The implementation of nanostructures and polymeric conductors help to modify sensing structures and interfaces to increase the wearable sensitivity. It also uses the iontronic interface sensing mechanism to improve the sensitivity and signals to noise ratio. The interface can detect pressure changes in the body, such as radial arterial pulse waveform measurement, even in a high capacitive noise environment. Wearable mechanical sensors provide advantages including skin-mounted sensors for tactile sensation, finger bending motion detection, measuring arterial pulse pressure waveform, detecting body movement, and biomechanics characterization. These are highly sensitive and offer a real-time response for vibration and dynamic pressure detection.

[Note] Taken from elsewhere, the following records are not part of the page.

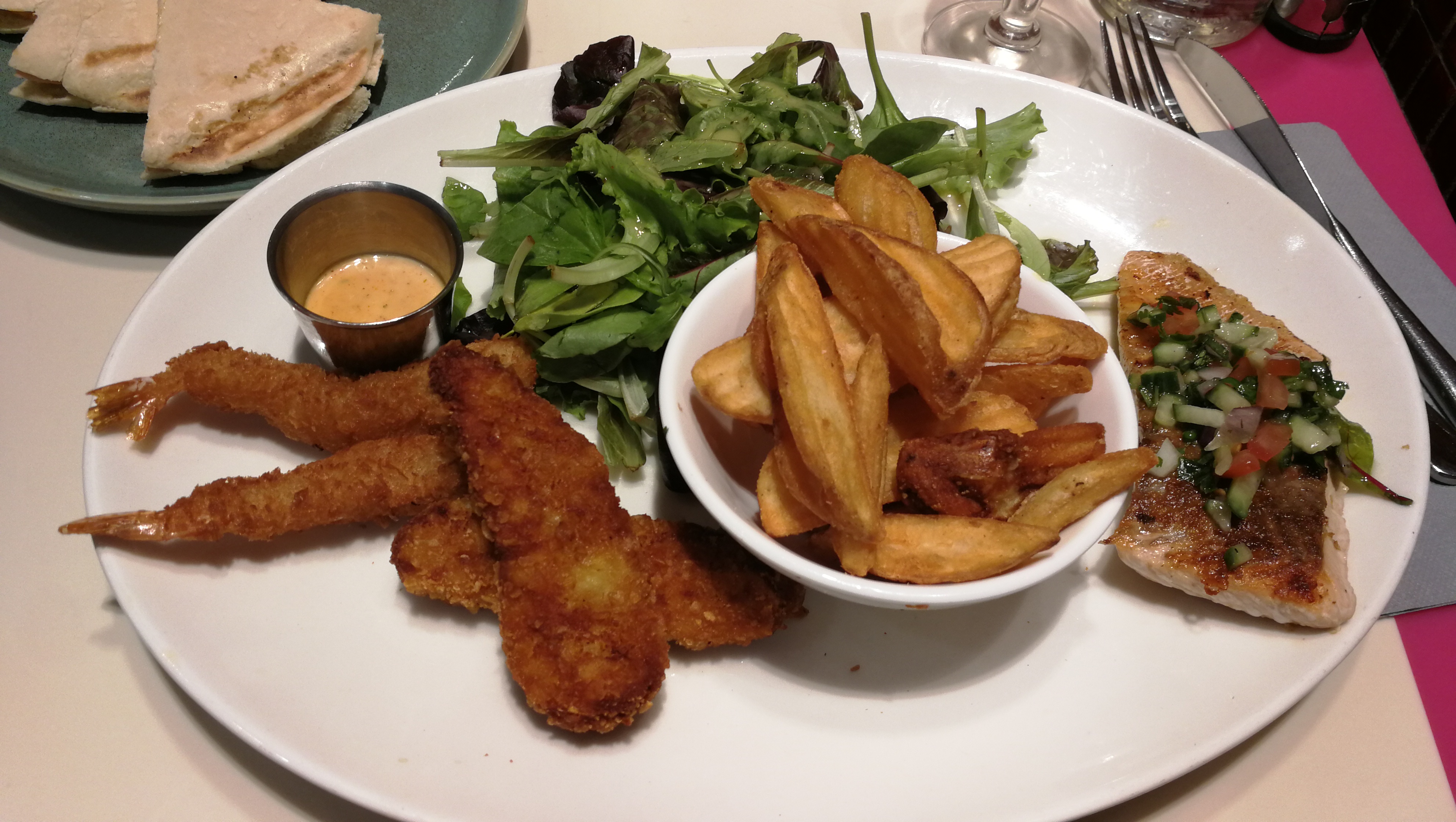Tout était bon. Nous étions 2 et avons pris un mélange de plein de chose qu'on a partagé pour goûter. On s'est régalé jusqu'au dessert. Le camembert rôti et le poulet croustillant, les pita garnis, les légumes rôtis tout était délicieux et le personnel polis et souriant
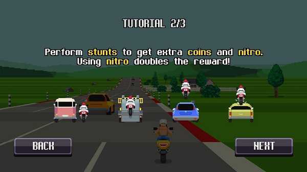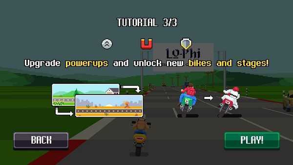 2、像素摩托车安卓版运用经典像素美术风格,配合怀旧电子音效,精准还原复古赛车游戏的视觉与听觉感受。
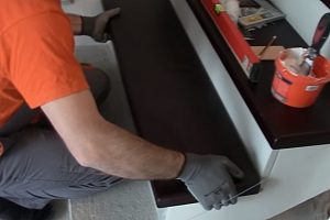 После этого деревянная панель устанавливается на свое место, так, чтобы паз идущий с тыльной стороны вдоль свеса проступи и промазанный герметиком — наделся на подступенок нижней ступени.
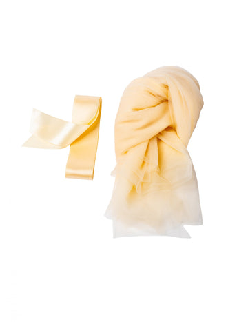 Elfogyott2 elefántcsont színű székfátyol és szatén szalagok, 2,6 x 1,6 m, elegáns esküvői ruha
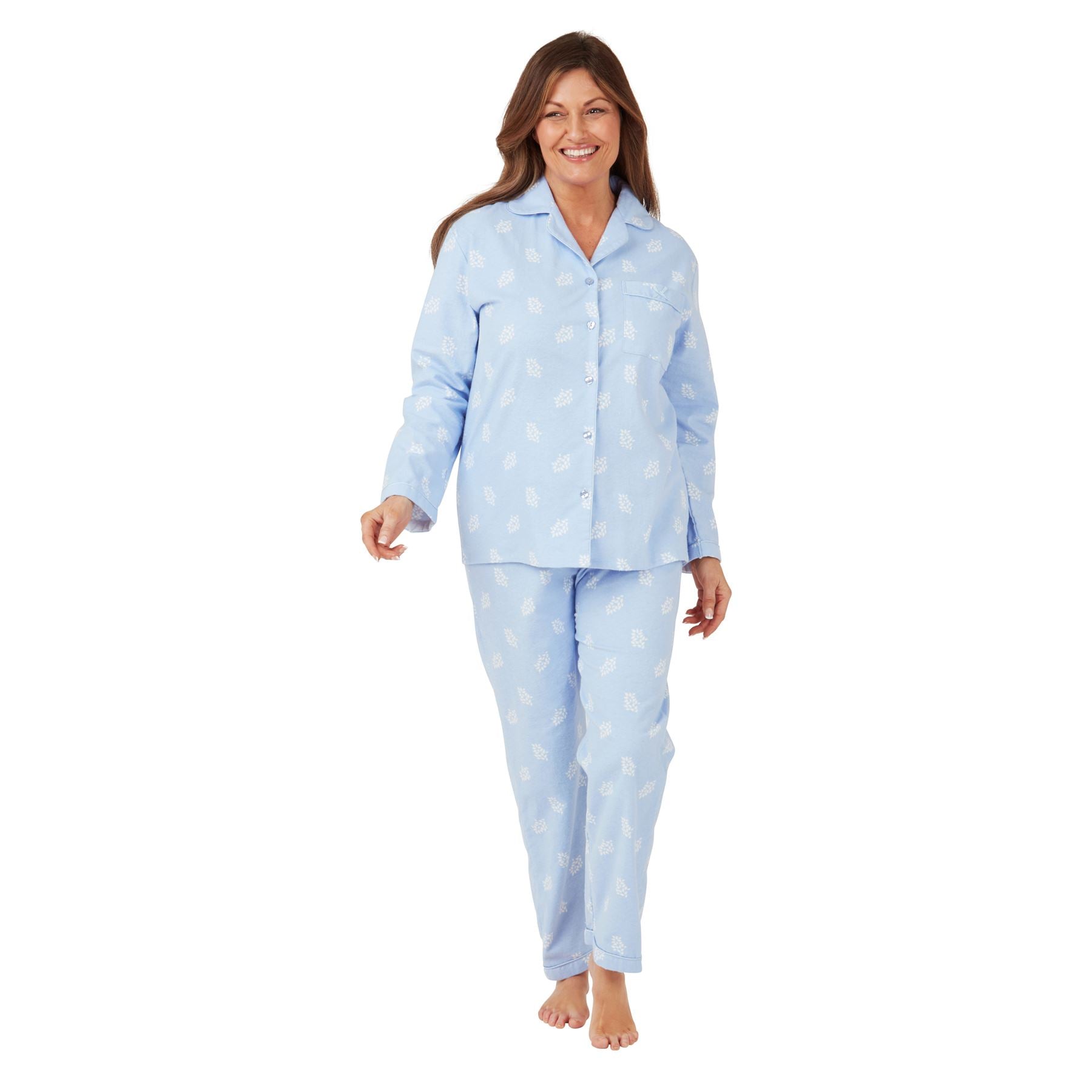 Women's brushed cotton pyjama set in blue, featuring leaf print and button through front.
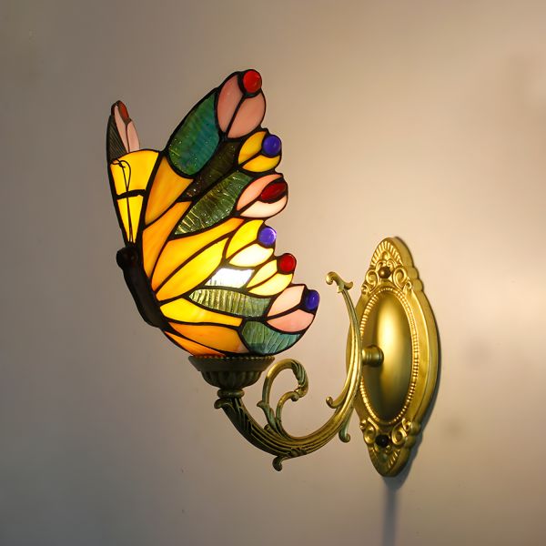 Art Stained Glass Butterfly Wall Sconce, Vintage Vanity Light for Home Decor - 110V-120V Multi/Color 1
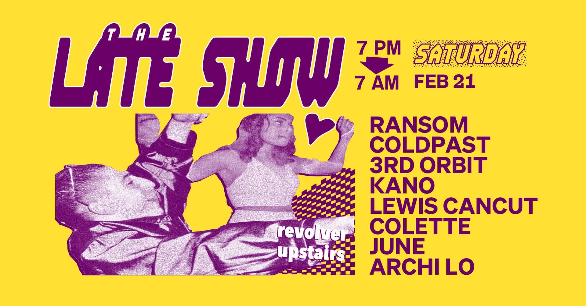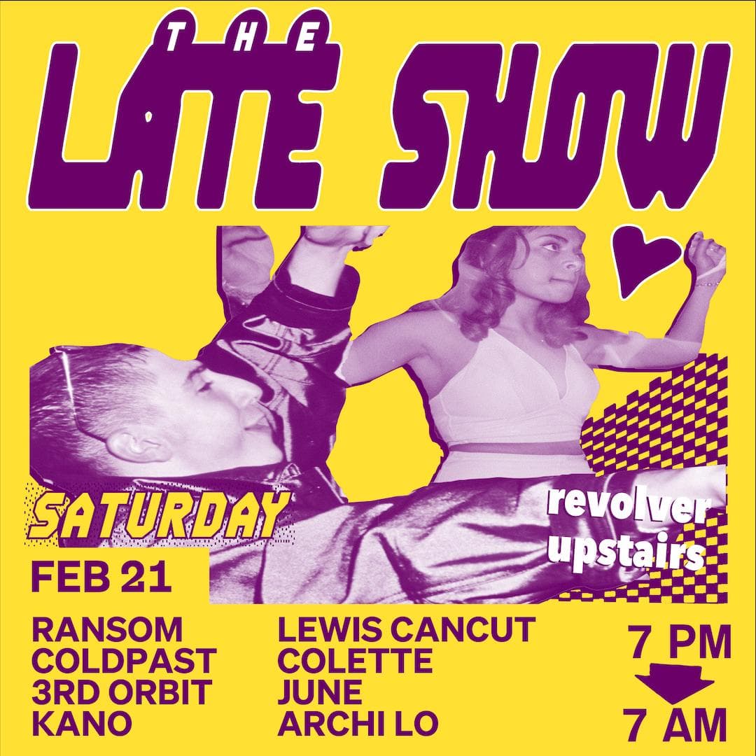 The Late Show is Revolver’s weekly Saturday night. Spread over two rooms, the night begins with Colonel Tan’s restaurant, then gathers pace around 10pm. In the front room, a barrage of Garage, Bassline, Techno and Qgom is shelled down; while in the back-bar, DJ’s splice together House with layers of Italo, Soca and Afro. Residents Ransom, Lewis CanCut and guests plus Boogs from 7am Sunday.
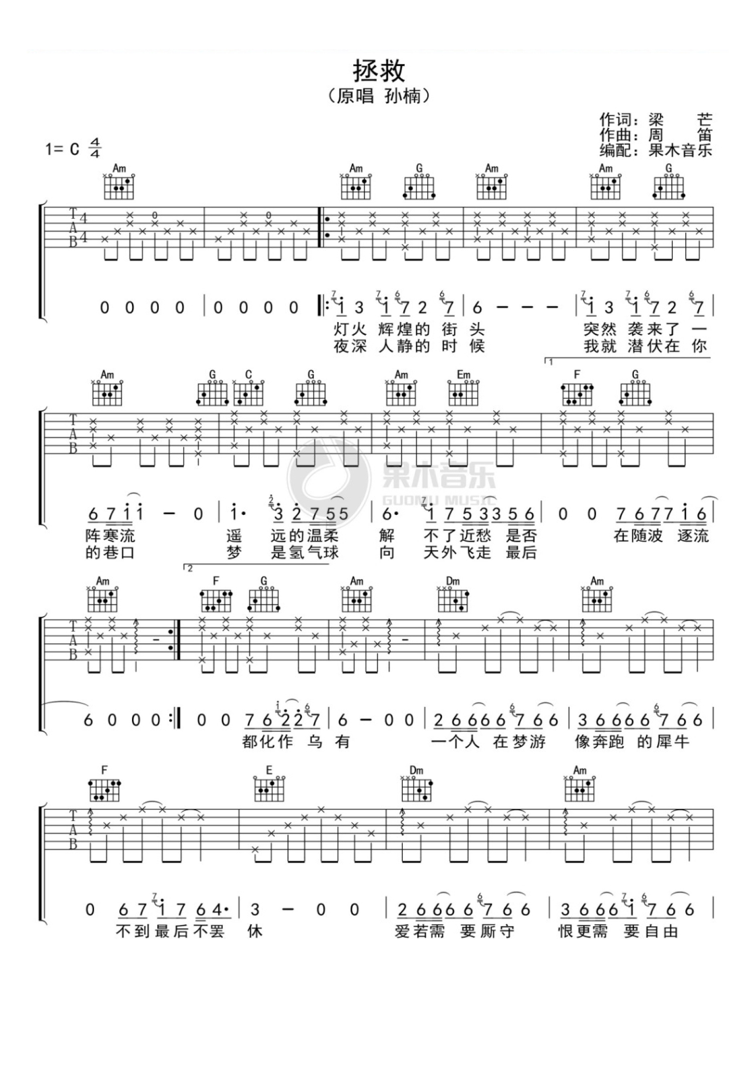 曲谱介绍: 孙楠《拯救》吉他谱_C调吉他弹唱谱
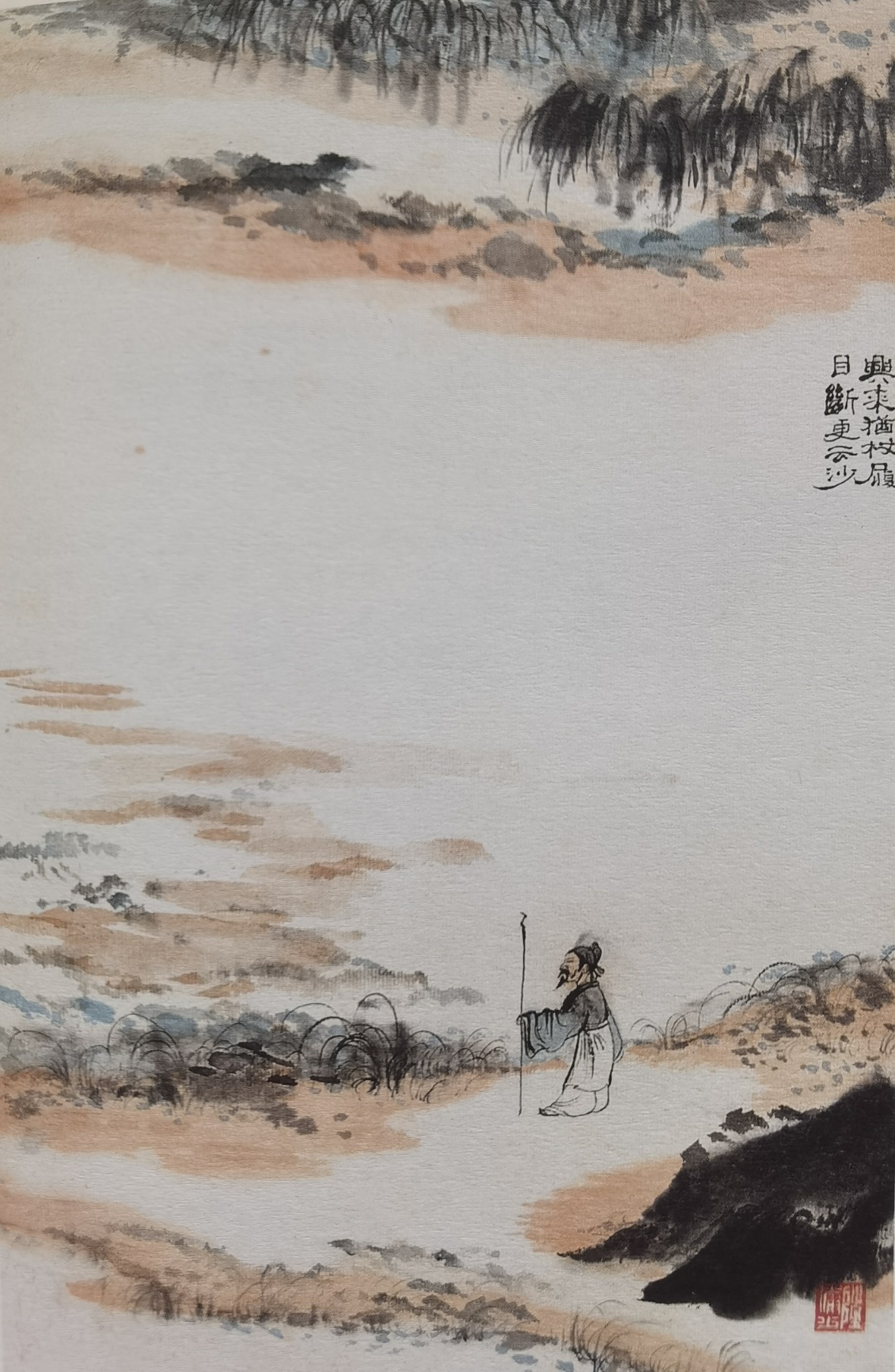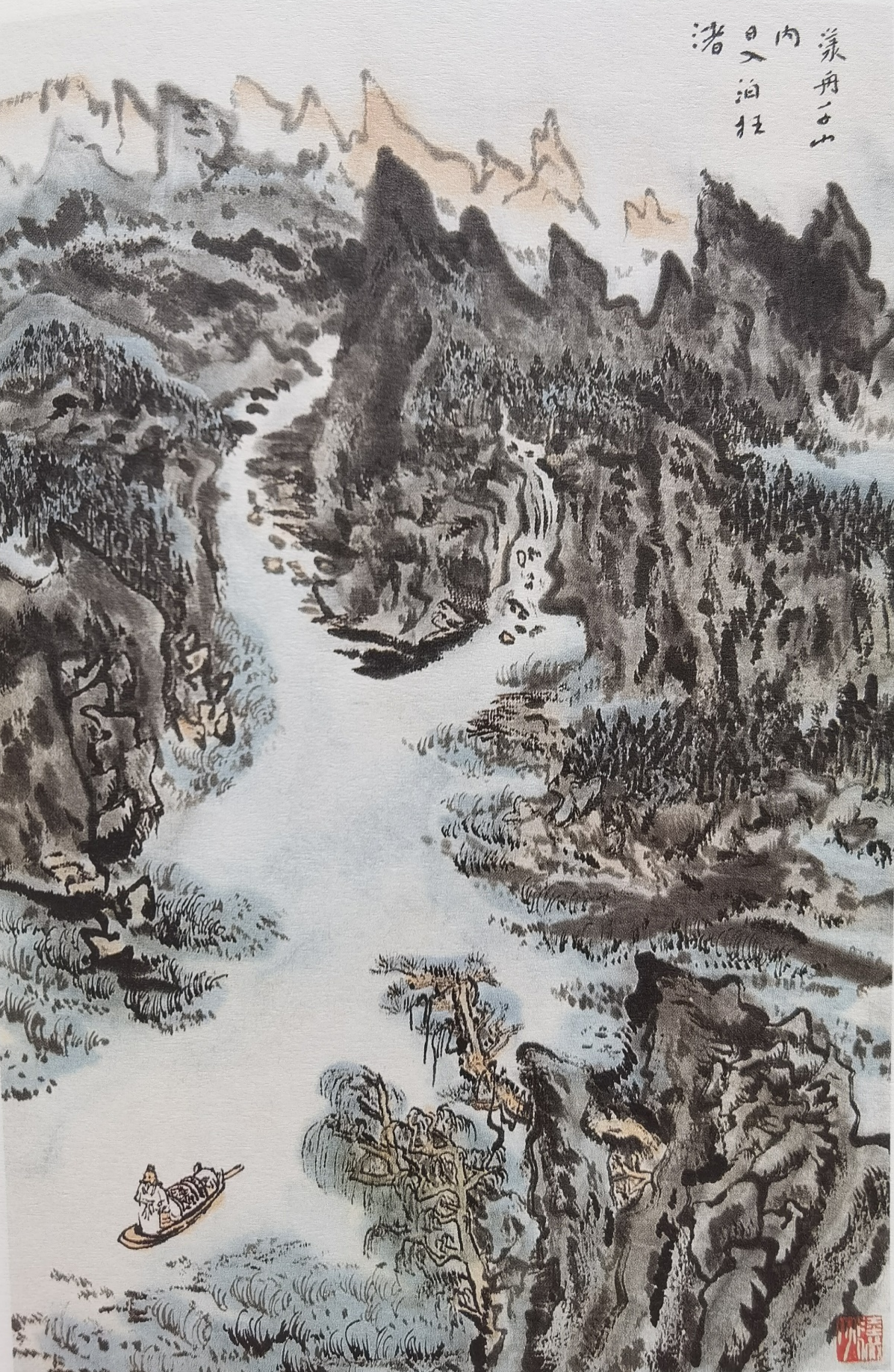 圖:陸儼少《杜甫詩(shī)意圖冊(cè)》之《漾舟千山內(nèi),日入泊枉渚》

Effective health monitoring and measurements, including heart rate, respiratory rate, blood pressure, blood oxygen saturation, and muscle activity, wearable sensors provide robust indicators of health information status and diagnostic value. Smart wearable sensors have eliminated the need for a hospital setting for many diagnostic methods with the possibility of accurate, continuous, and real-time monitoring signals. The novel sensors contribute to new medical vulnerabilities and encourage proactive medical treatment.